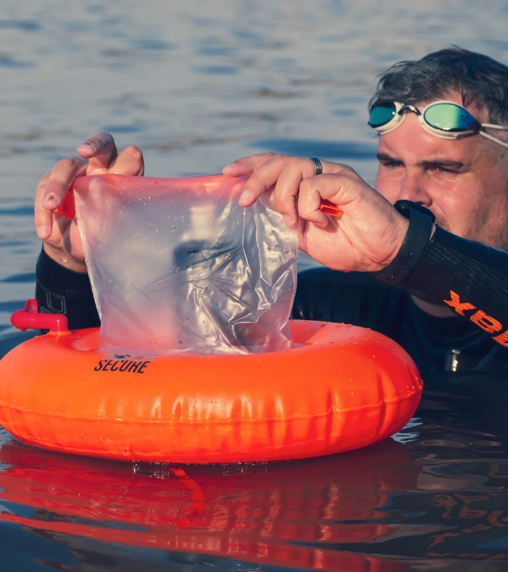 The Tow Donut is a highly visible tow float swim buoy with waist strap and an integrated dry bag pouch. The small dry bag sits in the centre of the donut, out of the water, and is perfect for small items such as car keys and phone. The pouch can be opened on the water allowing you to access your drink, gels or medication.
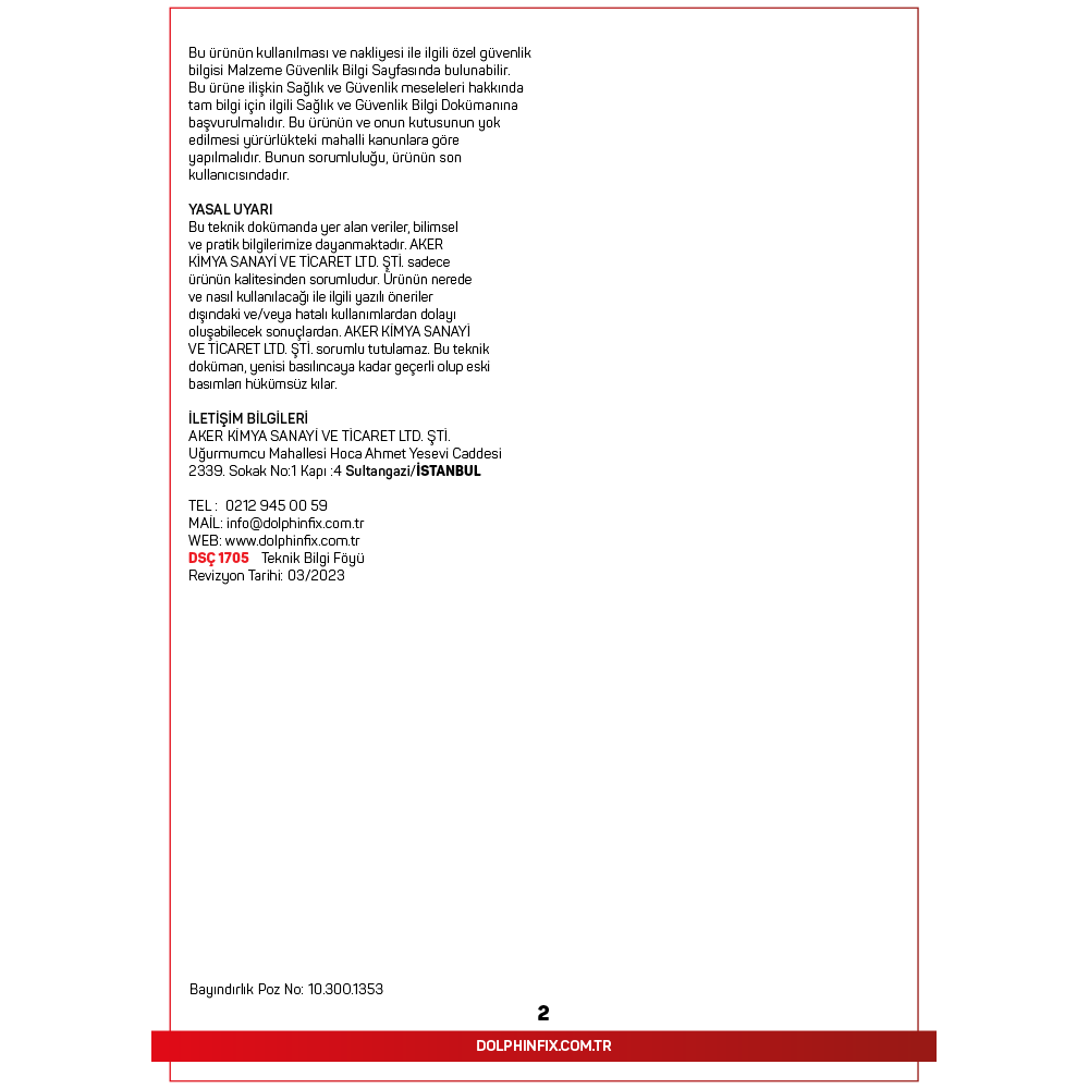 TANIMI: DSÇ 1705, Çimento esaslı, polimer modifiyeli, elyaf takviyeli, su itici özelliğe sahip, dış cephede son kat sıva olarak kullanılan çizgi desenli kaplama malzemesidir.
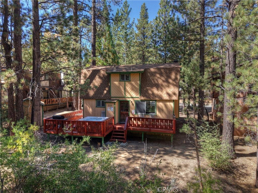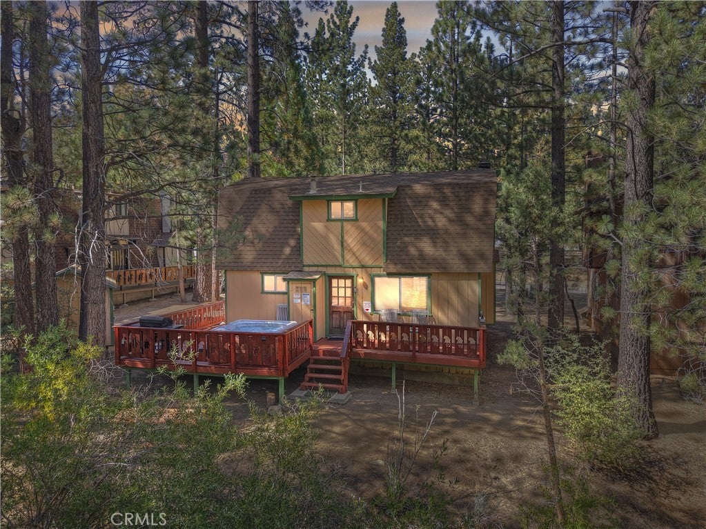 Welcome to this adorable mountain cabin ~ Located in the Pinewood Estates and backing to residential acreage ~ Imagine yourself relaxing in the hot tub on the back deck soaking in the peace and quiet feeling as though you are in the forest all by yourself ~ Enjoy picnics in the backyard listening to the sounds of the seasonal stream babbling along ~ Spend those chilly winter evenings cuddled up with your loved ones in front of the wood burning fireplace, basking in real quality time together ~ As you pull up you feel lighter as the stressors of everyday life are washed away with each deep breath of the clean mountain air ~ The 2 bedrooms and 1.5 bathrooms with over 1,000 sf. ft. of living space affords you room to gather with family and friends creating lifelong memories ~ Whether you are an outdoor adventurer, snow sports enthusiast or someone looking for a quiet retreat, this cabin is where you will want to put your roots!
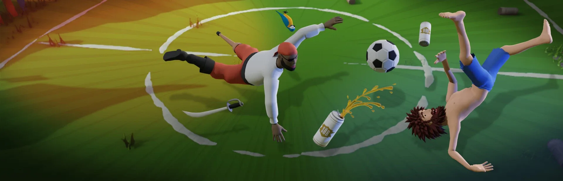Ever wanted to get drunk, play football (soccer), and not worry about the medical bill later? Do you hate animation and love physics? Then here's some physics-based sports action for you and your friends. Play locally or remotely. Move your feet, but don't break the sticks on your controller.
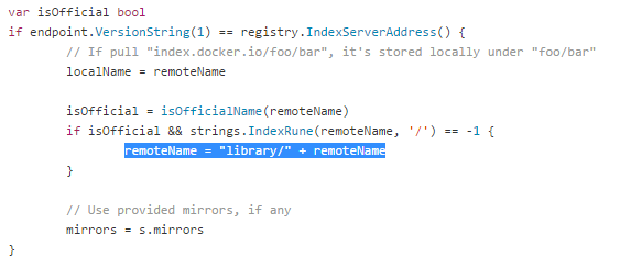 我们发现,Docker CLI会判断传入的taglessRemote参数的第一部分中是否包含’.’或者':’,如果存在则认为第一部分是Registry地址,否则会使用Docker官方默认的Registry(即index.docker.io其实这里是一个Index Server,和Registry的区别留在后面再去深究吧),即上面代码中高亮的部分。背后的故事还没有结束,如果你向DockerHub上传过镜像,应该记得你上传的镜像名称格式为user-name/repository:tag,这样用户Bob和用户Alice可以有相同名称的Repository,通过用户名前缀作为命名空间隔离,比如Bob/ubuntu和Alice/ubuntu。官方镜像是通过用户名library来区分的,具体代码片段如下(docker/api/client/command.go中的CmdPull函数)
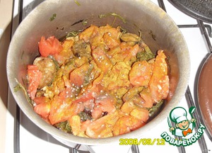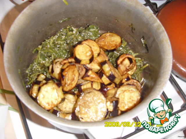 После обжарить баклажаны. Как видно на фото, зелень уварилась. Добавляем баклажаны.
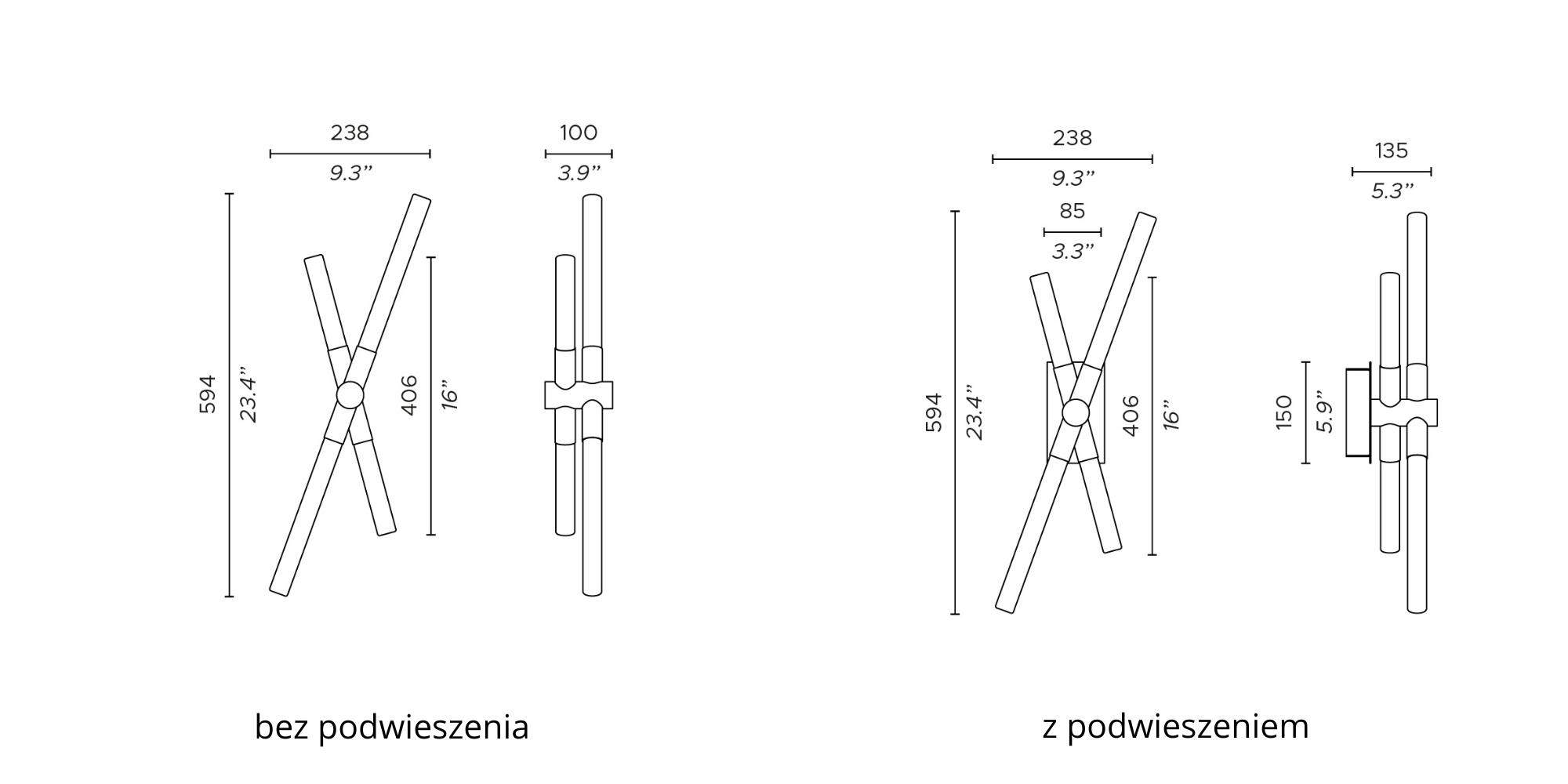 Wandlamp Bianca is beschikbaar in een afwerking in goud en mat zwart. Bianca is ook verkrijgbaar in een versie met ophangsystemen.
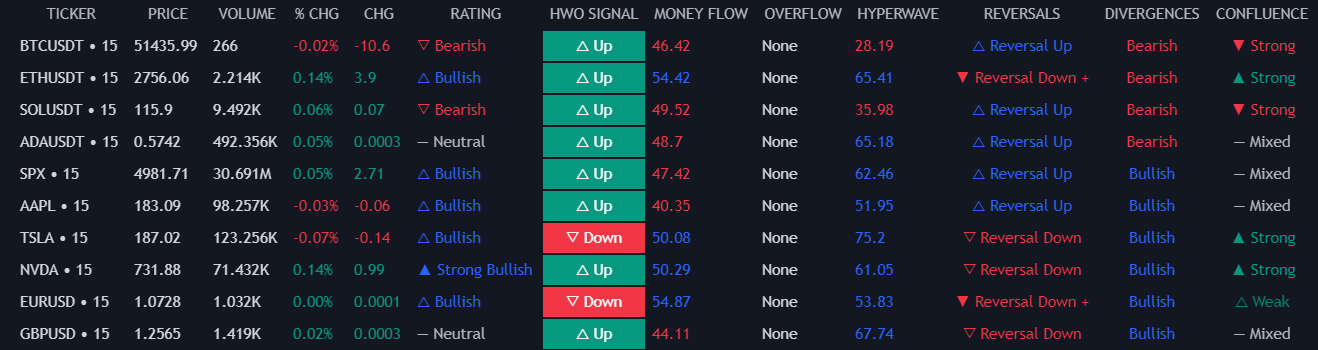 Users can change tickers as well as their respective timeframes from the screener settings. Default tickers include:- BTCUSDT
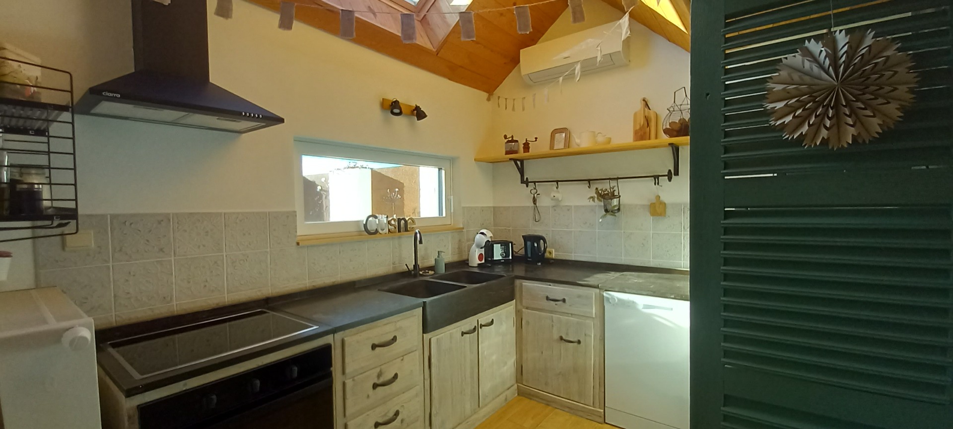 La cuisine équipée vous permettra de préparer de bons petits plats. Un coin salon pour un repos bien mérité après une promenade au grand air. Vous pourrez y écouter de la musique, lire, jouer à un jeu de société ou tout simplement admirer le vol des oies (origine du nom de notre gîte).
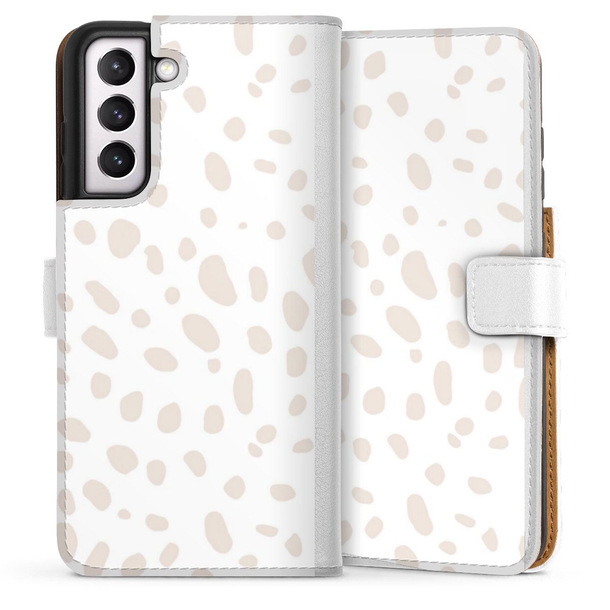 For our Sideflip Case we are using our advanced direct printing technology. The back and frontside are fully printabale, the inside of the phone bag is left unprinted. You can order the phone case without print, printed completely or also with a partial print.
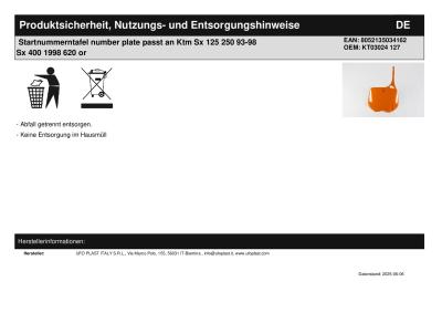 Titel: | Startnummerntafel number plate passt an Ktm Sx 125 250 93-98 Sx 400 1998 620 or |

+-------+

▸ Task details: All of the material above should be written out exactly as given, minus any images.

▸ Result for this exercise:
 The Tow Donut is a highly visible tow float swim buoy with waist strap and an integrated dry bag pouch. The small dry bag sits in the centre of the donut, out of the water, and is perfect for small items such as car keys and phone. The pouch can be opened on the water allowing you to access your drink, gels or medication.
 TANIMI: DSÇ 1705, Çimento esaslı, polimer modifiyeli, elyaf takviyeli, su itici özelliğe sahip, dış cephede son kat sıva olarak kullanılan çizgi desenli kaplama malzemesidir.
 Welcome to this adorable mountain cabin ~ Located in the Pinewood Estates and backing to residential acreage ~ Imagine yourself relaxing in the hot tub on the back deck soaking in the peace and quiet feeling as though you are in the forest all by yourself ~ Enjoy picnics in the backyard listening to the sounds of the seasonal stream babbling along ~ Spend those chilly winter evenings cuddled up with your loved ones in front of the wood burning fireplace, basking in real quality time together ~ As you pull up you feel lighter as the stressors of everyday life are washed away with each deep breath of the clean mountain air ~ The 2 bedrooms and 1.5 bathrooms with over 1,000 sf. ft. of living space affords you room to gather with family and friends creating lifelong memories ~ Whether you are an outdoor adventurer, snow sports enthusiast or someone looking for a quiet retreat, this cabin is where you will want to put your roots!
Ever wanted to get drunk, play football (soccer), and not worry about the medical bill later? Do you hate animation and love physics? Then here's some physics-based sports action for you and your friends. Play locally or remotely. Move your feet, but don't break the sticks on your controller.
 我们发现,Docker CLI会判断传入的taglessRemote参数的第一部分中是否包含’.’或者':’,如果存在则认为第一部分是Registry地址,否则会使用Docker官方默认的Registry(即index.docker.io其实这里是一个Index Server,和Registry的区别留在后面再去深究吧),即上面代码中高亮的部分。背后的故事还没有结束,如果你向DockerHub上传过镜像,应该记得你上传的镜像名称格式为user-name/repository:tag,这样用户Bob和用户Alice可以有相同名称的Repository,通过用户名前缀作为命名空间隔离,比如Bob/ubuntu和Alice/ubuntu。官方镜像是通过用户名library来区分的,具体代码片段如下(docker/api/client/command.go中的CmdPull函数)
 После обжарить баклажаны. Как видно на фото, зелень уварилась. Добавляем баклажаны.
 Wandlamp Bianca is beschikbaar in een afwerking in goud en mat zwart. Bianca is ook verkrijgbaar in een versie met ophangsystemen.
 Users can change tickers as well as their respective timeframes from the screener settings. Default tickers include:- BTCUSDT
 La cuisine équipée vous permettra de préparer de bons petits plats. Un coin salon pour un repos bien mérité après une promenade au grand air. Vous pourrez y écouter de la musique, lire, jouer à un jeu de société ou tout simplement admirer le vol des oies (origine du nom de notre gîte).
 For our Sideflip Case we are using our advanced direct printing technology. The back and frontside are fully printabale, the inside of the phone bag is left unprinted. You can order the phone case without print, printed completely or also with a partial print.
 Titel: | Startnummerntafel number plate passt an Ktm Sx 125 250 93-98 Sx 400 1998 620 or |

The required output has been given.